Most of the SA studies listed above focus on the English language. Only few studies have been done on SA for the Turkish language [6, 10, 19, 28,29,30,31]. The Turkish language belongs to the Altaic branch of the Ural-Altaic family of languages and is mainly used in the Republic of Turkey. Turkish is an agglutinative language similar to Finnish and Hungarian, where a single word can be translated into a relatively longer sentence in English [32]. For instance, word “karşılaştırmalısın” in Turkish can be expressed as “you must make (something) compare” in English. As Turkish and English have different characteristics, methods developed for SA in English need to be tested for Turkish. Among the few researchers who investigate the effects of feature selection on the SA of Turkish reviews, Boynukalın [29] applies Weighted Log Likelihood Ratio (WLLR) to reduce feature space with NB, Complementary NB, and SVM classifiers for the emotional analysis using the combinations of n-grams where sequences of n words are considered together. It is shown that WLLR helps to improve the accuracy with reduced feature sizes. Akba et al. [19] implement and compare the performance of reduced feature sizes using two feature selection methods: CHI2 and IG with NB and SVM classifiers. They show that feature selection methods improve the classification accuracy.

Our aim is to propose a new feature selection method for the SA of Turkish and English reviews. We presented an initial version of this method in [10] where we employ only product review dataset in Turkish and compare our method with CHI2 and DFD by using only one classifier. We now extend it to more datasets for Turkish, and also investigate the performance of our method in English datasets to show that our method is language independent. We further include more feature selection methods especially developed for SA and compare the performance of our proposed method using NBM, SVM, MEM, and DT classifiers along with statistical analysis to prove that our method is classifier independent.

Methods

Machine learning algorithms

For sentiment classification, we use the Weka [33] data mining tool, which contains the four classifiers we use in our experiments, i.e., NBM, SMO for SVM, J48 for C4.5, and LR for MEM. We choose NBM, SVM, LR, and J48 classification methods due to the following reasons: (i) many researchers use NBM for text classification because it is computationally efficient [9, 10, 14] and performs well for large vocabulary sizes [34]; (ii) SVM tends to perform well for traditional text classification tasks [3, 4, 7, 14, 35]; (iii) LR is known to be equivalent to MEM which is another method used in SA studies [8]; (iv) J48 is a well-known decision tree classifier for many classification problems and is used for SA [3, 30].

Feature selection

Feature Selection methods have been shown to be useful for text classification in general and sentiment analysis in specific [11, 18]. Such methods rank features according to certain measures so that non-informative features can be removed, and at the same time, the most valuable features can be kept in order to improve the classification accuracy and efficiency.
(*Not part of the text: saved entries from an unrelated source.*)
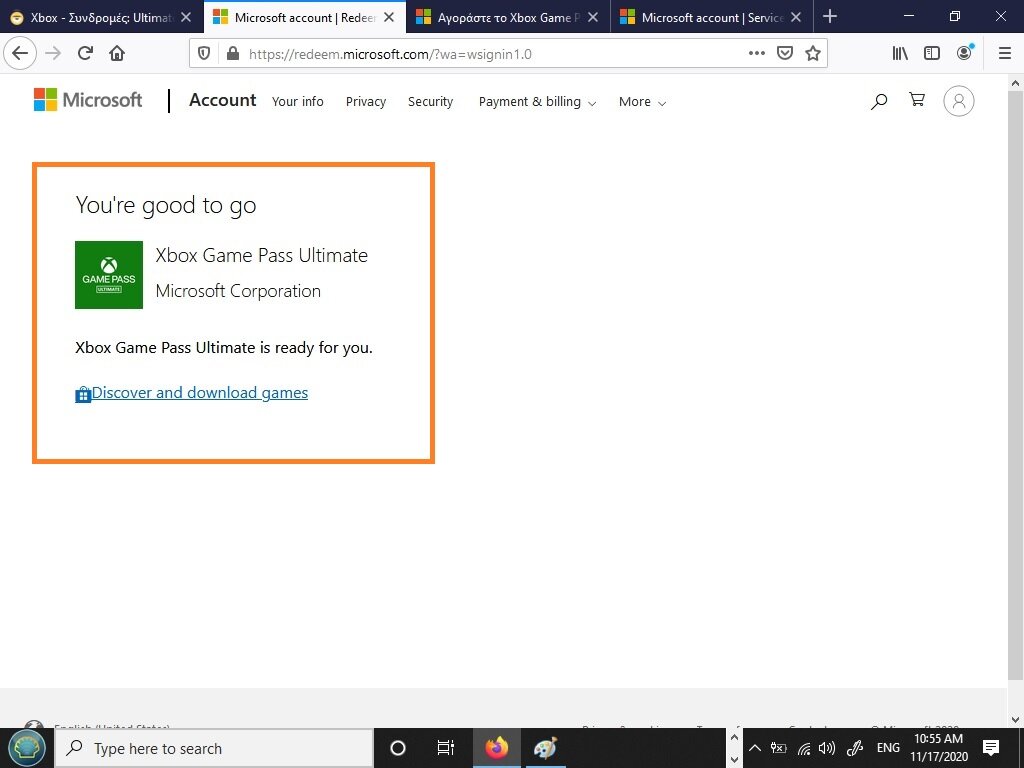 Αδειασμα των Cookies του φυλλομετρητη κλεισιμο φυλλομετρητη. Ξανα ανοιγμα αλλα με ελληνικη διευθυνση διαδικτυου. Συνδεση στο λογαριασμο account MS οπου γινεται και αγορα του Ultimate game pass. Το συστημα ενημερωνει οτι αναβαθμιζει την συνδρομη οπου η XBOX GOLD γινεται: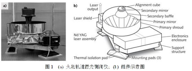 圖1所示為(wei) 全新火星軌道激光測高儀(yi) ,是專(zhuan) 門為(wei) 較小的後續火星探測任務 1996年發射的火星全球勘探者號製造的。這個(ge) 任務獲得了巨大成功,從(cong) 1998年3月到2001年6月,激光高度儀(yi) 測量火星從(cong) 南極到北極的海拔,形成了太陽係行星中最精確的全球地形圖。二極管泵浦、Q開關(guan) 、Nd:YAG激光器每秒鍾發射十個(ge) 48mJ脈衝(chong) ,每束脈衝(chong) 持續8ns。總共算下來,它發射了6.7億(yi) 束脈衝(chong) ,這一數據引自一份表述火星有冰川的最新報告。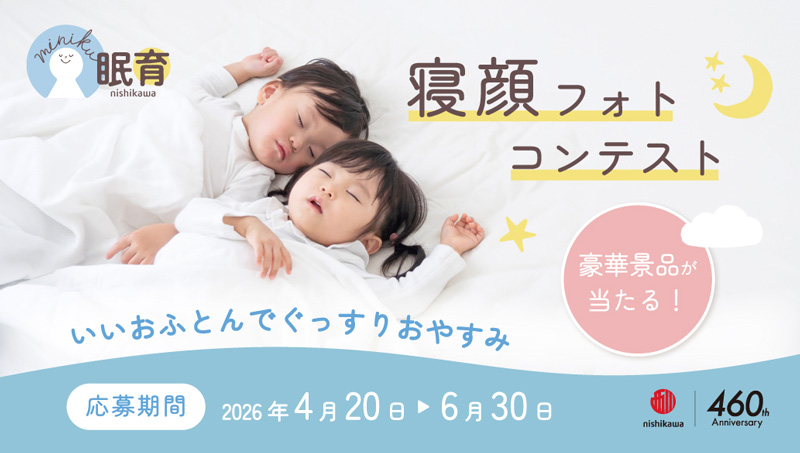 お子様のとっておきの寝顔写真を大募集!nishikawaの眠育フォトコンテスト。2026年4月20日〜6月30日開催。キッズモデルデビュー権・AiRマットレスなど豪華景品が当たります。LINEから簡単応募!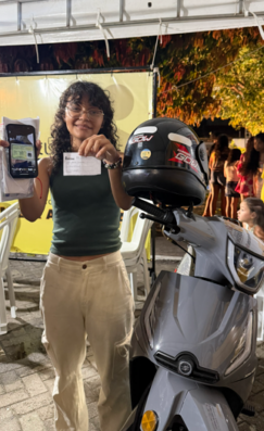 Como anunciado pela campanha “Quem ganha o presente é você”, o instituto realizou o aguardado sorteio de uma moto Shineray 0km. Entre centenas de corações ansiosos, a sorte sorriu para a jovem Natally Rocha.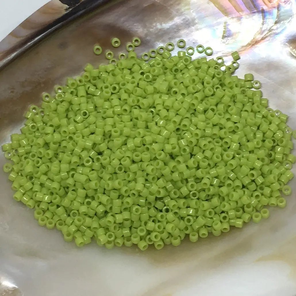 Gröna glaspärlor, miyuki delica Pärlor, ogenomskinlig chartreuse

In this study, we consider several feature selection methods, including information gain, Chi square, document frequency difference, optimal orthogonal centroid, and our new query expansion ranking (QER) so that we can compare their effectiveness for the sentiment analysis.

Feature sizes are selected in the range from 500 to 3000 with 500 increments, compared with the total feature sizes ranging from 8000 to 18,000 for the Turkish review datasets and from 8000 to 38,000 for English review datasets. In our previous study [10], we observed that feature sizes up to 3000 tend to give good classification performance improvement; therefore we choose these feature sizes in our experiments.

Information gain

Information gain is one of the most common feature selection methods for sentiment analysis [3, 9, 19, 35], which measures the content of information obtained after knowing the value of a feature in a document. The higher the information gain, the more power we have to discriminate between different classes.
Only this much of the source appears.